Posted: Mon Mar 24, 2014 9:31 pm
by micha
If you just want to detect, if there is a hit, or not, you can use this code inside the box.lua.
Code: Select all
function update( dt )
local p1 = line.point1
local p2 = line.point2
hit = true
if p1.x < x and p2.x < x then
hit = false
return
end
if p1.x > x + w and p2.x > x + w then
hit = false
return
end
if p1.y < y and p2.y < y then
hit = false
return
end
if p1.y > y+h and p2.y > y+h then
hit = false
return
end
-- last case: first build normal vector
local nx,ny = p2.y-p1.y, -(p2.x-p1.x)
local vx,vy = x-p1.x, y-p1.y
local min = nx*vx+ny*vy
local max = min
vx,vy = x+w-p1.x, y-p1.y
min = math.min(min,nx*vx+ny*vy)
max = math.max(max,nx*vx+ny*vy)
vx,vy = x+w-p1.x, y+h-p1.y
min = math.min(min,nx*vx+ny*vy)
max = math.max(max,nx*vx+ny*vy)
vx,vy = x-p1.x, y+h-p1.y
min = math.min(min,nx*vx+ny*vy)
max = math.max(max,nx*vx+ny*vy)
if min*max>0 then
hit = false
end
end
It is based on the separating axis theorem.
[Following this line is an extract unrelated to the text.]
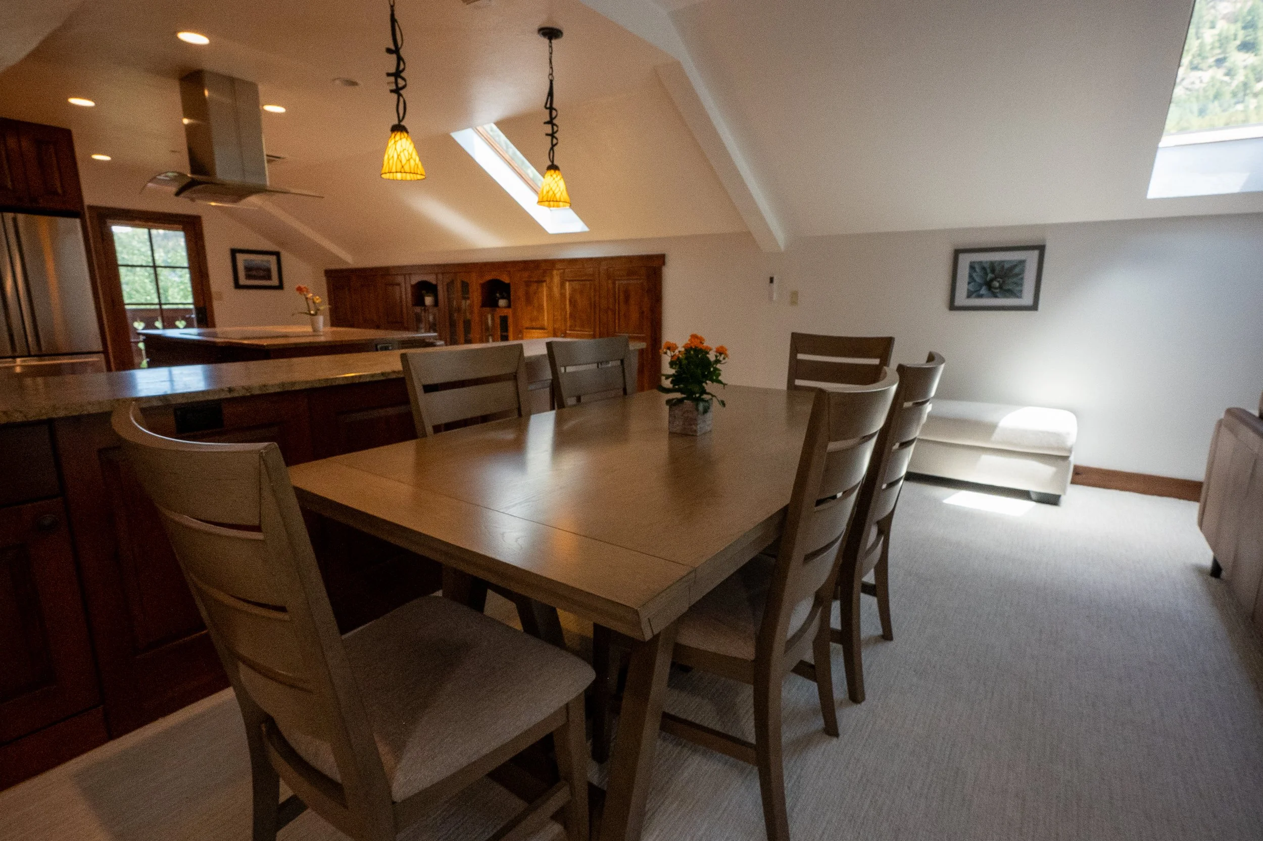 Dining room with a wooden table and six chairs, a flowerpot with orange flowers, two pendant lights, skylights, and a framed picture on the wall.

The code is not commented and it does not allow you to find the intersection point. It will only determine if it is a hit or not. If you want to understand this code, it is probably best to look into vector analysis. But if you only want to use it, feel free to use this code.
Re: Bullet collision??
Posted: Mon Mar 24, 2014 9:44 pm
by jag_e_nummer_ett
micha wrote:--snip--
Your code works as expected and will probably be used. I will though want to know how to effectively getting the intersection point for maybe a more precise project. But I think I will leave that to another day.
Re: Bullet collision??
Posted: Tue Mar 25, 2014 10:17 pm
by davisdude
I would show you the actual code, but it's really quite long and lengthy, so instead, I'll show you
how I've done it. Feel free to steal the code if you'd like (but credit wouldn't hurt). Like I said, lengthy and complicated. Lots of math stuff. Enjoy!
Re: Bullet collision??
Posted: Wed Mar 26, 2014 11:28 pm
by kikito
I must point out that this particular case is neatly solved without vectors with an algorithm called the
Liang-Barsky intersection.
Here's one implementation in Lua (warning, untested):
Code: Select all
local function getSegmentIntersectionIndices(l,t,w,h, x1,y1,x2,y2)
local t1, t2 = 0, 1
local dx, dy = x2-x1, y2-y1
local p, q, r
for side = 1,4 do
if side == 1 then p,q = -dx, x1 - l -- left
elseif side == 2 then p,q = dx, l + w - x1 -- right
elseif side == 3 then p,q = -dy, y1 - t -- top
else p,q = dy, t + h - y1 -- bottom
end
if p == 0 then
if q <= 0 then return nil end
else
r = q / p
if p < 0 then
if r > t2 then return nil
elseif r > t1 then t1 = r
end
else -- p > 0
if r < t1 then return nil
elseif r < t2 then t2 = r
end
end
end
end
local xi1, yi1 = x1 + dx*t1, y1 + dy*t1
local xi2, yi2 = x1 + dx*t2, y1 + dx*t2
return xi1, yi1, xi2, yi2
end
It will return nil if the segment does not intersect with the box, or the coordinates of the two points of intersection if the segment intersects with the box.
Re: Bullet collision??
Posted: Thu Mar 27, 2014 12:17 am
by davisdude
I took a look at the Wikipedia you linked, but I couldn't figure out what I was calling. Mind explaining?
Re: Bullet collision??
Posted: Thu Mar 27, 2014 9:28 am
by kikito
davisdude wrote:I took a look at the Wikipedia you linked, but I couldn't figure out what I was calling. Mind explaining?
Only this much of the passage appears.